特征重要性 — xgb.importance • xgboost

创建一个特征重要性的 data.table。

用法

xgb.importance(
  model = NULL,
  feature_names = getinfo(model, "feature_name"),
  trees = NULL
)

参数

model: xgb.Booster 类的对象。
feature_names: 字符向量，用于覆盖模型的特征名称。默认值为 NULL (使用原始特征名称)。
trees: 一个整数向量，表示应包含在重要性计算中的（基于 1 的）树索引（仅适用于 "gbtree" 助推器）。默认值 (NULL) 解析所有树。这在多分类等场景中可能有用，可以为每个类别单独获取特征重要性。

返回值

一个包含以下列的 data.table

对于树模型

Features: 模型中使用的特征名称。
Gain: 基于特征分割的总增益，表示每个特征对模型的贡献分数。百分比越高，重要性越高。
Cover: 与此特征相关的观测数量指标。
Frequency: 特征在树中被使用的次数百分比。

对于线性模型

Features: 模型中使用的特征名称。
Weight: 此特征的线性系数。
Class: 类别标签（仅适用于多分类模型）。对于 xgboost 类的对象（由 xgboost() 生成），它将是一个 factor；而对于 xgb.Booster 类的对象（由 xgb.train() 生成），它将是一个基于零的整数向量。
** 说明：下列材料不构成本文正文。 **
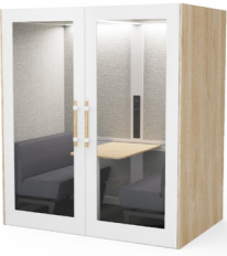
White with acoustic Corbridge Oak slat sides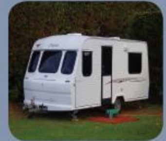
80 Powered Campsites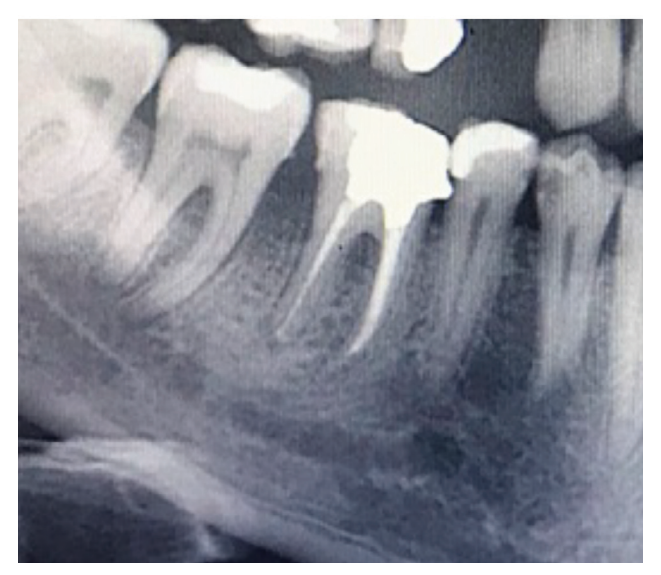
Figure 2. Radiographic examination showed an interdental rarefaction.

Subsequently, segmental bone resection was performed under general anesthesia. The extraoral cutaneous incision in the neck area was done starting from the submental region to the right mastoid, 2 cm below the mandibular angle. The next step involved a horizontal incision on the platysma to reach the right submandibular gland, followed by the ligation of the facial vein and artery. Upon pushing the submandibular gland further down, the base of the mandible became reachable from the menton to sigmoid notch area. Thereafter, a soft tissue intraoral incision with a 1 cm margin was done extending from the mesial side of tooth 46 to the distal side of 48, followed by a monocortical bone cut of the buccal cortex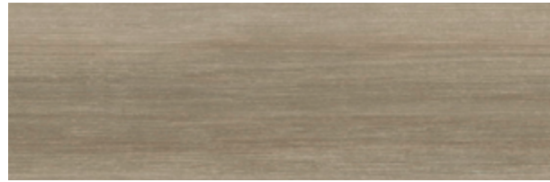
4020 Grey Ash 152 x 1219mm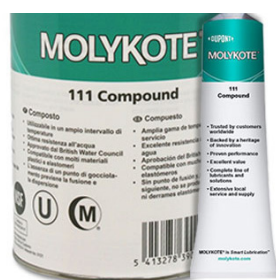
MOLYKOTE® 111 Compound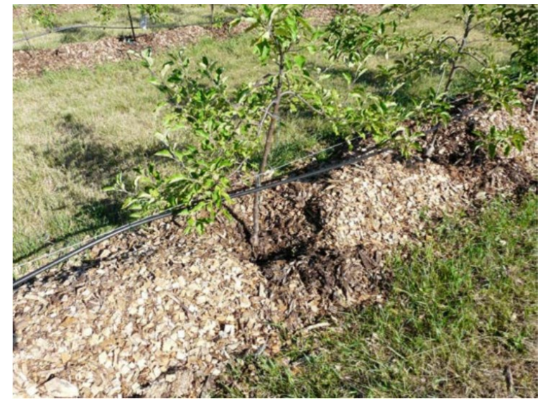
Figure 7. Mulched tree rows in a high-density organic orchard.

Wood chips are probably the best organic mulch, and can often be sourced from municipal tree companies for relatively low cost or even for free. There is some concern that wood chips applied to the soil will tie up nitrogen, but that is debatable, and likely would only happen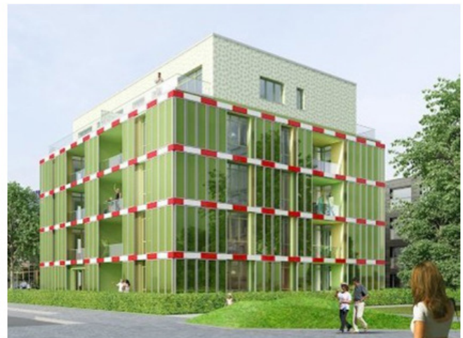
Figure 3 BIQ Building, Hamburg (Germany).

The facade is a microalgae bioreactor, part of an integrated renewable energy concept. It's a “smart” facade that produces heat and electricity from the microalgae grown in the bioreactors. Periodically this microalgae biomass is collected through filters and sent to an external plant where it is fermented to generate biogas that is used in the generation of electricity outside the building (Figure 4).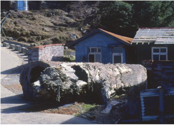
Fig. 6. The collecting site of Aradus oroszi sp. n.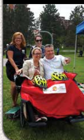
Cycling without Ages

Help EORC Raise funds by Shopping Online: https://www.eorc-creo.ca/WebGiv.php

如果未提供 feature_names 且 model 不包含 feature_names，则将使用特征的索引代替。由于索引是从模型转储中提取的（基于 C++ 代码），因此它从 0 开始（如 C/C++ 或 Python 中），而不是从 1 开始（通常在 R 中）。

详情

此函数适用于线性模型和树模型。

对于线性模型，重要性是线性系数的绝对值。要获得有意义的线性模型重要性排序，特征需要位于相同的尺度上（在使用 L1 或 L2 正则化时也建议这样做）。

示例

# binary classification using "gbtree":
data("ToothGrowth")
x <- ToothGrowth[, c("len", "dose")]
y <- ToothGrowth$supp
model_tree_binary <- xgboost(
  x, y,
  nrounds = 5L,
  nthreads = 1L,
  booster = "gbtree",
  max_depth = 2L
)
xgb.importance(model_tree_binary)

# binary classification using "gblinear":
model_tree_linear <- xgboost(
  x, y,
  nrounds = 5L,
  nthreads = 1L,
  booster = "gblinear",
  learning_rate = 0.3
)
xgb.importance(model_tree_linear)

# multi-class classification using "gbtree":
data("iris")
x <- iris[, c("Sepal.Length", "Sepal.Width", "Petal.Length", "Petal.Width")]
y <- iris$Species
model_tree_multi <- xgboost(
  x, y,
  nrounds = 5L,
  nthreads = 1L,
  booster = "gbtree",
  max_depth = 3
)
# all classes clumped together:
xgb.importance(model_tree_multi)
# inspect importances separately for each class:
num_classes <- 3L
nrounds <- 5L
xgb.importance(
  model_tree_multi, trees = seq(from = 1, by = num_classes, length.out = nrounds)
)
xgb.importance(
  model_tree_multi, trees = seq(from = 2, by = num_classes, length.out = nrounds)
)
xgb.importance(
  model_tree_multi, trees = seq(from = 3, by = num_classes, length.out = nrounds)
)

# multi-class classification using "gblinear":
model_linear_multi <- xgboost(
  x, y,
  nrounds = 5L,
  nthreads = 1L,
  booster = "gblinear",
  learning_rate = 0.2
)
xgb.importance(model_linear_multi)